简体   繁体   English

sed 在文件末尾添加不需要的空格,使其无效

[英]sed is adding unwanted whitespace to end of file, making it invalid

Trying to replace file contents using sed, the replacement works, but for some reason I am getting extra white space at the end of the resulting output file, causing the file to be unreadable/unviewable in the opening application.尝试使用 sed 替换文件内容,替换有效,但由于某种原因,我在生成的输出文件末尾获得了额外的空白,导致文件在打开的应用程序中不可读/不可见。

My command is as follows:我的命令如下:

for file in *.example ; do LANG=C sed -i "" "s|https://foo.bar|http://foo.bar|g" "$file" ; done

Things I have tried without success:我尝试过但没有成功的事情:

  • Not wrapping the s/[...]/g argument in quotes (causes command to fail)不将 s/[...]/g 参数用引号括起来(导致命令失败)
  • Using delimiters other than |使用除 | 之外的分隔符such as / or _ or % (makes no difference)例如 / 或 _ 或 % (没有区别)
  • Using single quotes instead of double (makes no difference)使用单引号代替双引号(没有区别)
  • Escaping the periods and colons as well (makes no difference)也转义句点和冒号(没有区别)

EDIT: This issue appears to be file-type related, and therefore I am no longer interested in a solution.编辑:这个问题似乎与文件类型有关,因此我不再对解决方案感兴趣。 Thank you to those who've replied.谢谢回复的人。

I suggest to replace我建议更换

\foo.bar

by经过

foo.bar

With the benefit of hindsight:事后诸葛亮:

BSD/macOS sed is fundamentally unsuitable for making substitutions in binary files , because it invariably outputs a trailing \\n (newline) with every output command.
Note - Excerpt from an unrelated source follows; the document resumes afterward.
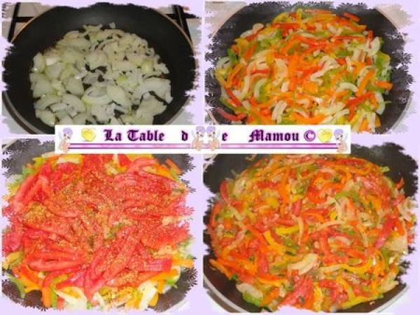 - Ajouter les poivrons, bien mélanger et laisser cuire 5 minutes.Ajouter ensuite les tomates et les épices.

BSD/macOS sed从根本上不适合在二进制文件中进行替换,因为它总是在每个输出命令中输出一个尾随\\n (换行符)

By contrast, GNU sed doesn't have this problem , because it - commendably - only appends a \\n if the input "line" had one too.相比之下, GNU sed没有这个问题,因为它 - 值得称赞的是 - 如果输入“行”也有一个\\n ,它只会附加一个\\n

Note that the concept of newline-separated lines doesn't really apply to binary input: newlines may or may not be present, and potentially with large chunks of data in between.请注意,换行符分隔的行的概念并不真正适用于二进制输入:换行符可能存在也可能不存在,并且中间可能有大块数据。 In the worst case scenario, the entire input will be read at once .在最坏的情况下,将一次读取整个输入。 [1] [1]

You can test this behavior with the following command:您可以使用以下命令测试此行为:

sed -n 'p' <(printf 'x') | cat -et  # input printf 'x' has no trailing \n

Output x$ indicates that a newline (symbolized as $ by cat -et ) was appended (BSD Sed), whereas just x indicates that it was not (GNU Sed).输出x$表示附加了一个换行符(用cat -et符号表示为$ )(BSD Sed),而仅x表示它不是(GNU Sed)。

Thus, given that you're on macOS, you could use Homebrew to install GNU Sed with brew install gnu-sed and then use the following command:因此,假设您使用的是 macOS,您可以使用Homebrew使用brew install gnu-sed安装 GNU Sed,然后使用以下命令:

LANG=C gsed -i 's|https://foo.bar|http://foo.bar|g' *.example
  • Homebrew installs GNU Sed as gsed , so that it can exist alongside macOS's stock (BSD) sed . Homebrew 将 GNU Sed 安装为gsed ,以便它可以macOS 的股票 (BSD) sed一起存在。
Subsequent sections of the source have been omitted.